- WHAT YOU ARE ASKED TO DO
Verbatim copy, pictures excluded: every line from the one with "Infrastructure: Wide asphalted" through the final line of the data below, and no other line.

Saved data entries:
- Opening Delimiter -

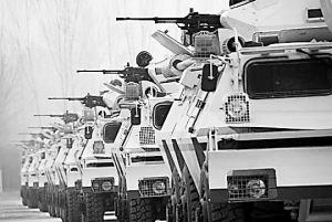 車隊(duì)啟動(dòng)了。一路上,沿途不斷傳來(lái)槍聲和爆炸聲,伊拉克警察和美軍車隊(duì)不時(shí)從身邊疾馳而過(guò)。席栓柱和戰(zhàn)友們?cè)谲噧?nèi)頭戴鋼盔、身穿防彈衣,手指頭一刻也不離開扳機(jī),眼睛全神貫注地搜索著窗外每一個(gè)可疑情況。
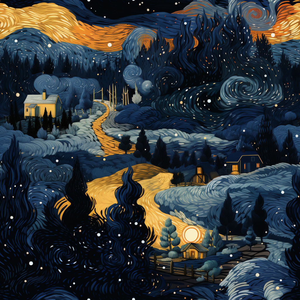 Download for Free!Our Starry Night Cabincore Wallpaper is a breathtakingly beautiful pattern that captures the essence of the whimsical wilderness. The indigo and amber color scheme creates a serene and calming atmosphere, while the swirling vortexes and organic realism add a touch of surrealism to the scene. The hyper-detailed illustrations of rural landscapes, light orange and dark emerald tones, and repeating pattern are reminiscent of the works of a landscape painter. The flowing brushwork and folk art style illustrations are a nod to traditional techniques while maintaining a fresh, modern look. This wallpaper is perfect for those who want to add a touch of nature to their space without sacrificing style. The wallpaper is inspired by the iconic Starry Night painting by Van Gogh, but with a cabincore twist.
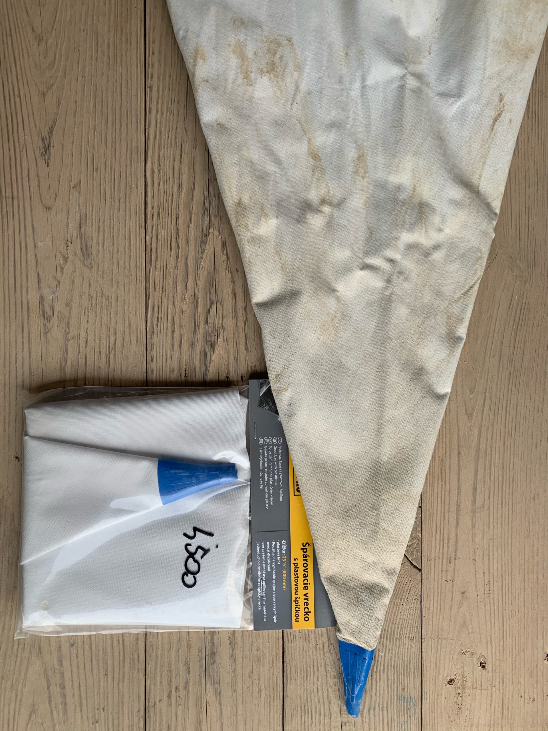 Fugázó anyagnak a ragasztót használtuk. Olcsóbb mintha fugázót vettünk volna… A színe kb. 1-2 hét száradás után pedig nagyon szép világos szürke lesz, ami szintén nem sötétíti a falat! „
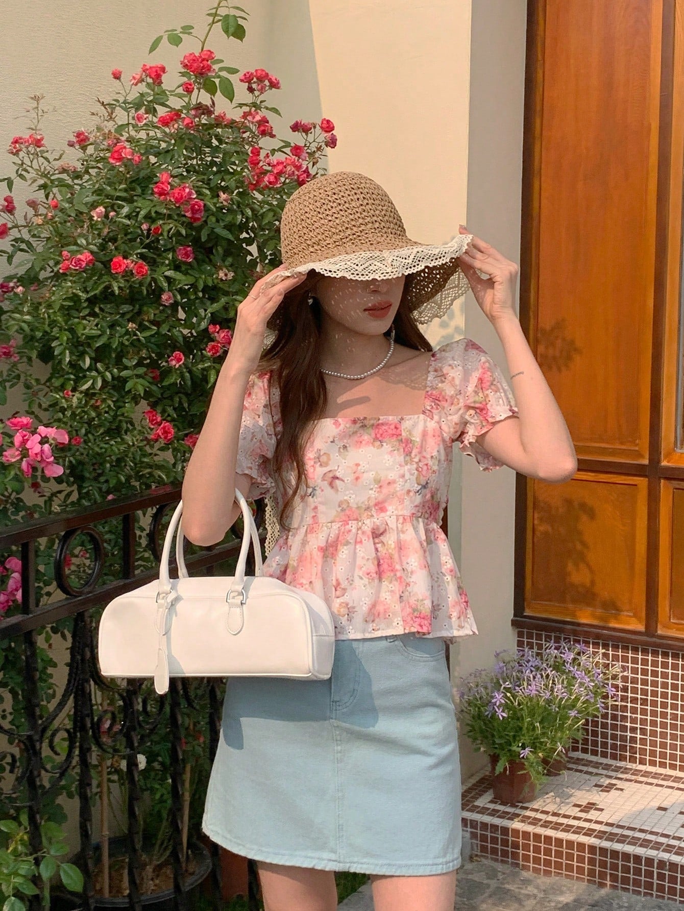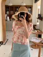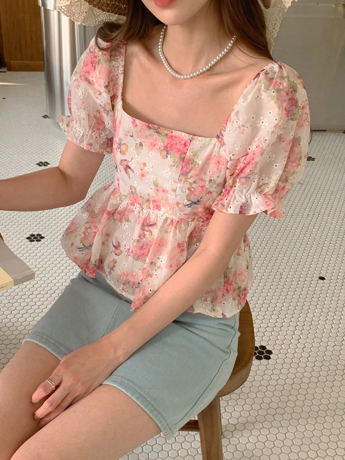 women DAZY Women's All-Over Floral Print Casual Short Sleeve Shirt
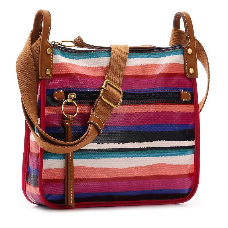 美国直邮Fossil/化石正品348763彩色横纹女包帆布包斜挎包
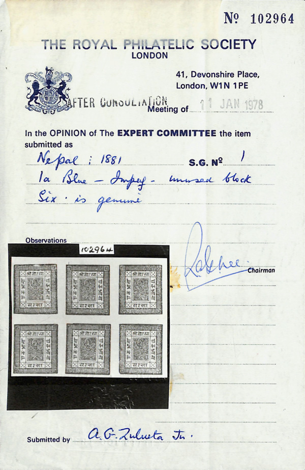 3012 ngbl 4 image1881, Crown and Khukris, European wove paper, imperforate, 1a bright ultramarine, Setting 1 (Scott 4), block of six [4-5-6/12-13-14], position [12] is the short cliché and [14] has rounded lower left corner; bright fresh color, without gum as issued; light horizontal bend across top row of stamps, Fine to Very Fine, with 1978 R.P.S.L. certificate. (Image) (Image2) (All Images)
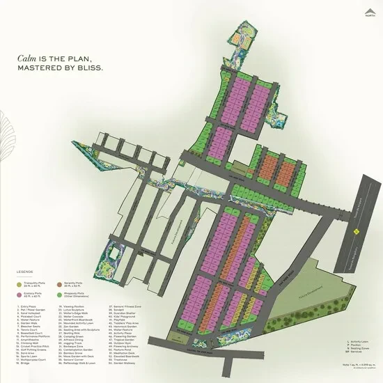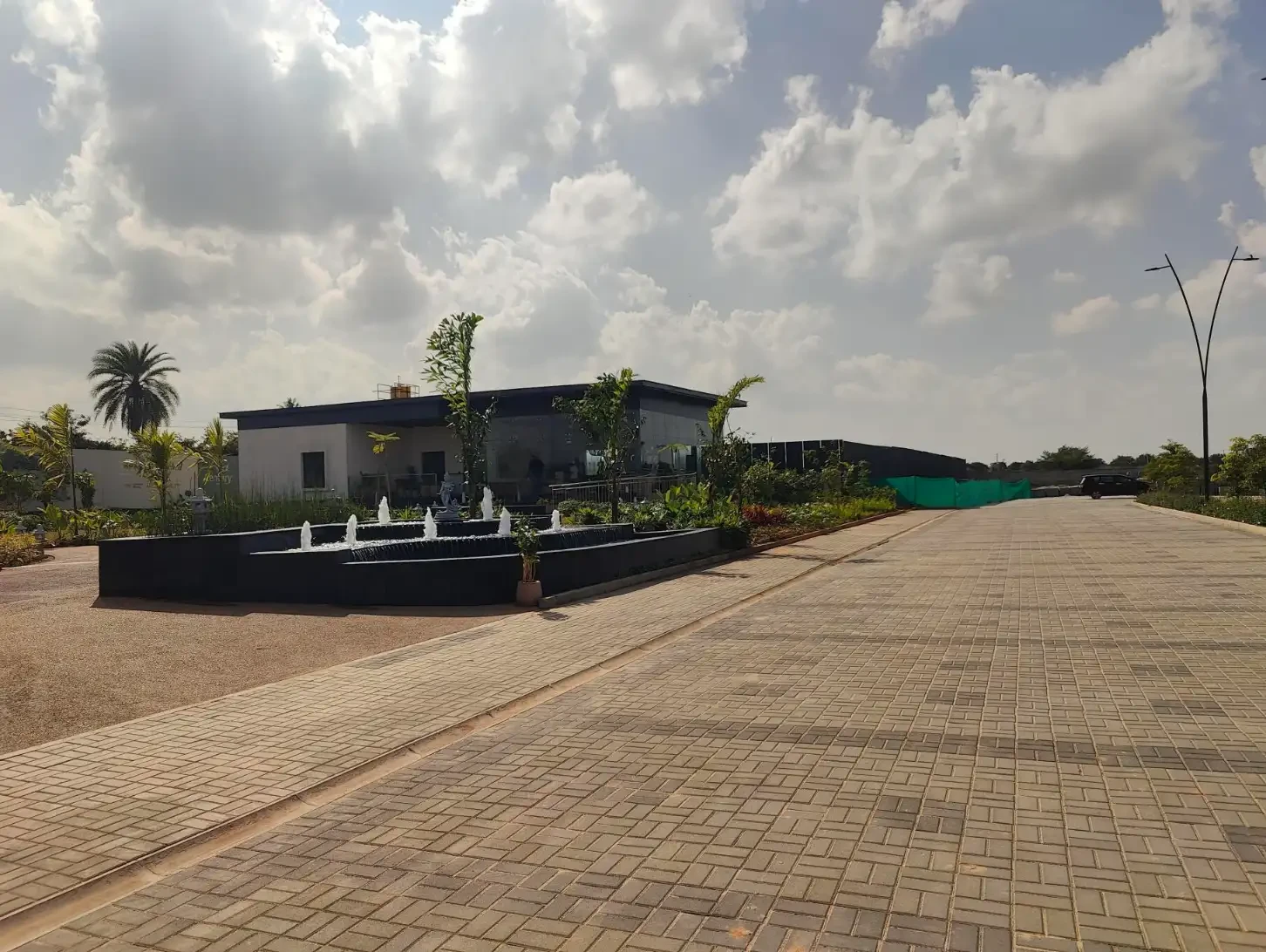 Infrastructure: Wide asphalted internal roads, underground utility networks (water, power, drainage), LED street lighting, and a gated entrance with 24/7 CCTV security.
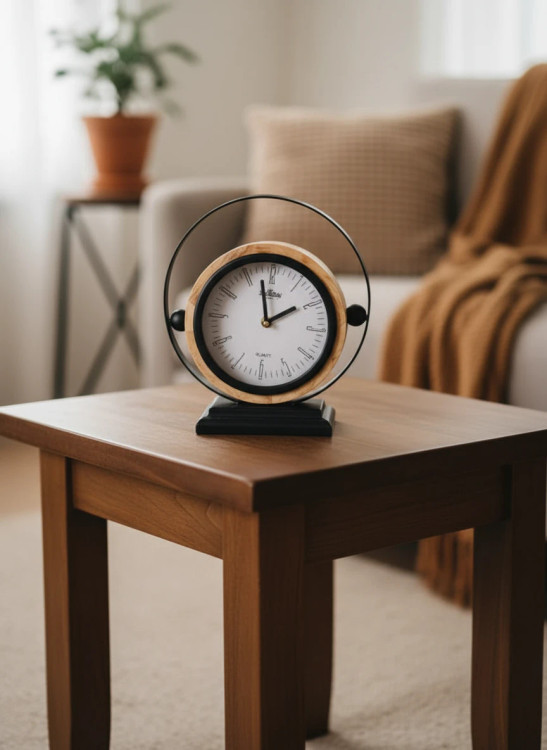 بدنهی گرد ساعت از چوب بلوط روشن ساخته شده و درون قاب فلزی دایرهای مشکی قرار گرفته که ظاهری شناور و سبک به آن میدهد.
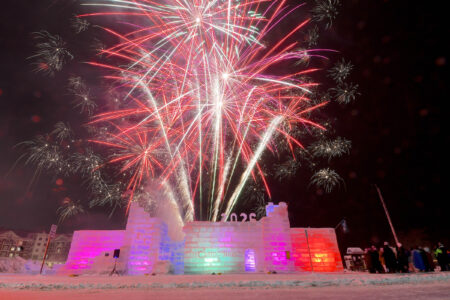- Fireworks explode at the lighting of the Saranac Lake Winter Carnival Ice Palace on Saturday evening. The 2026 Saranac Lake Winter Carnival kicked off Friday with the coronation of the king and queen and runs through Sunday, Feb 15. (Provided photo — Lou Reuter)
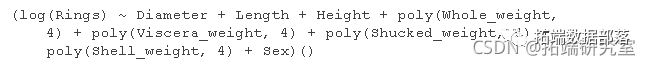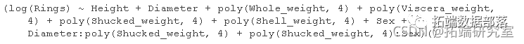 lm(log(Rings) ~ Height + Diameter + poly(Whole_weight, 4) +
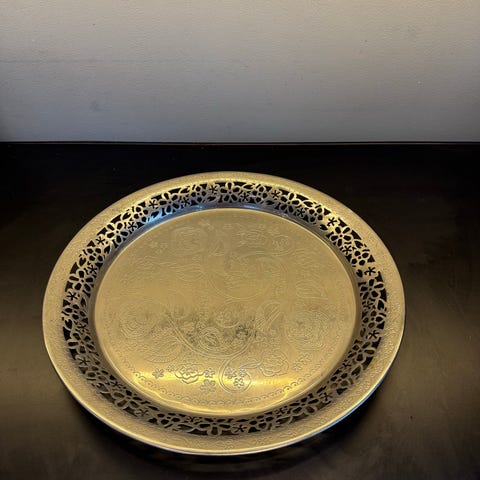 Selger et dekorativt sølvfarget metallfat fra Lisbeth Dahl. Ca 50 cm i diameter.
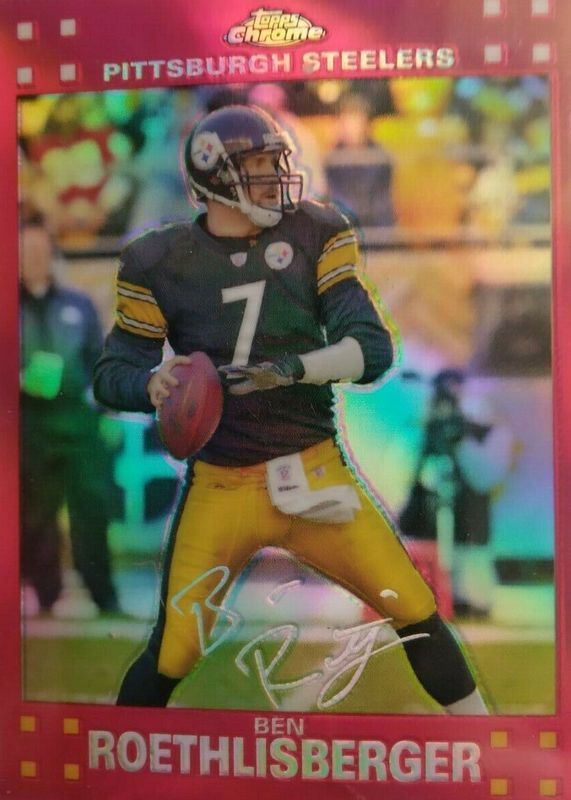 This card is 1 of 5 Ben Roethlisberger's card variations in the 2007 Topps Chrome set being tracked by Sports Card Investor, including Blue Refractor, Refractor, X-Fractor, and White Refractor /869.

- Closing Delimiter -

- THE COMPLETED TASK
 Infrastructure: Wide asphalted internal roads, underground utility networks (water, power, drainage), LED street lighting, and a gated entrance with 24/7 CCTV security.
 بدنهی گرد ساعت از چوب بلوط روشن ساخته شده و درون قاب فلزی دایرهای مشکی قرار گرفته که ظاهری شناور و سبک به آن میدهد.
- Fireworks explode at the lighting of the Saranac Lake Winter Carnival Ice Palace on Saturday evening. The 2026 Saranac Lake Winter Carnival kicked off Friday with the coronation of the king and queen and runs through Sunday, Feb 15. (Provided photo — Lou Reuter)
 lm(log(Rings) ~ Height + Diameter + poly(Whole_weight, 4) +
 Selger et dekorativt sølvfarget metallfat fra Lisbeth Dahl. Ca 50 cm i diameter.
 This card is 1 of 5 Ben Roethlisberger's card variations in the 2007 Topps Chrome set being tracked by Sports Card Investor, including Blue Refractor, Refractor, X-Fractor, and White Refractor /869.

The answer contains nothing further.